Business Continuity in Government
Government (certainly from my experience in local government) has thought about business continuity from a ‘disaster’ perspective. There are periodic exercises to cover what would happen in the event of a train crash, terrorist attack, floods etc. But do they know how to keep their own business of governing running?
As with all things, there’s good news and there’s bad. Having a disaster recovery plan for IT is commonplace, and most plans are tested periodically. But few have grasped the nettle of finding alternative connected premises for the staff.
Because the UK parliament still uses the ‘first-past-the-post’ system (the devolved parliaments don’t, incidentally), politicians have a ‘win or lose’ mentality. They are likely to forget the country carries on, whatever their fortunes in the polls. The voters could be forgiven for thinking politicians only have their own interests in mind, but it’s very easy just to think about the next big deal and forget the everyday tasks.

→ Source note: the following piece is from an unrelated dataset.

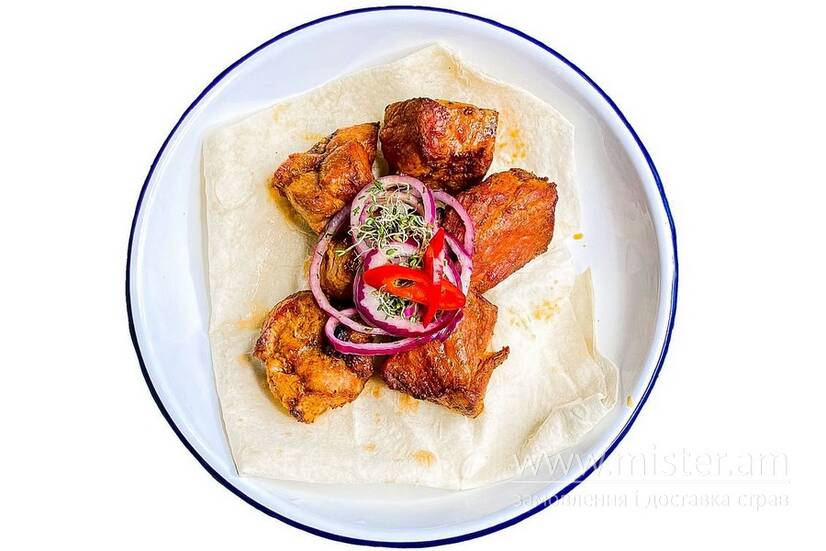 Підготовлене м`ясо свинного ошийка, мариноване у спеціях, подається на тонкому лаваші.

Business Continuity in Business
Business leaders, as well as the politicians, need to have plans in place to keep everything going when the big contract they’ve been working towards, isn’t landed. All too often the worse happens, and then (and only then), leaders start to think, “Now what will we do?”
Planning suggests it’s an activity which precedes the necessity for action, and business continuity planning is no exception. It’s common sense. Or more accurately, it’s uncommon sense.